Monthly Archives: December 2009

Where we are going

DM has sent agents close to me and close to Independent friends, clamoring to find out where we are going.  In myriad ways they try to discern our “strategy.”  It is quite apparent that until and unless someone comes up with an answer that resembles something DM would do (like compete to take over the monopoly, or exact revenge by any means necessary), the agents will continue to be sent in trying to get or even manufacture the answer he wants to hear. Yes, “manufacture.” He’s even had a “cell” contact me about leading an allegedly well organized group to execute a coup d’etat.  Somehow he can’t get it through his head that some folks really just want to free the technology from sinking out of sight with the ship.  I continue to find LRH references that capture my philosophy and that of my best friends.
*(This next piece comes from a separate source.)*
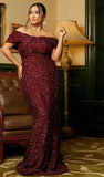 Step into the spotlight with our Elegant Off Shoulder Short Sleeve Sequins Dress. This glamorous gown features a strapless off-shoulder neckline, delicate short sleeves, and shimmering sequin embellishments that catch the light beautifully. Designed in a mermaid/trumpet silhouette, it hugs your curves and flares gracefully at the hem for a dramatic finish. Perfect for weddings, formal parties, red carpet events, and special occasions, this dress ensures you radiate confidence and sophistication all night long.

Here’s another:

“I try to look far enough in the future to forecast and predict what might be, so as to not do too many things wrong. You must allow me some percentage. And as I look into the future, I see that we are handling, here, material of a potential control and command over Mankind which must not be permitted at any time to become the monopoly or the tool of the few to the danger and disaster of the many.  And maybe in this I am simply being overly proud, conceited or optomistic. But I would never for a moment step back from the role of being conceited just to be approved of or just to be wrong in a prediction. And I believe that prediction is right.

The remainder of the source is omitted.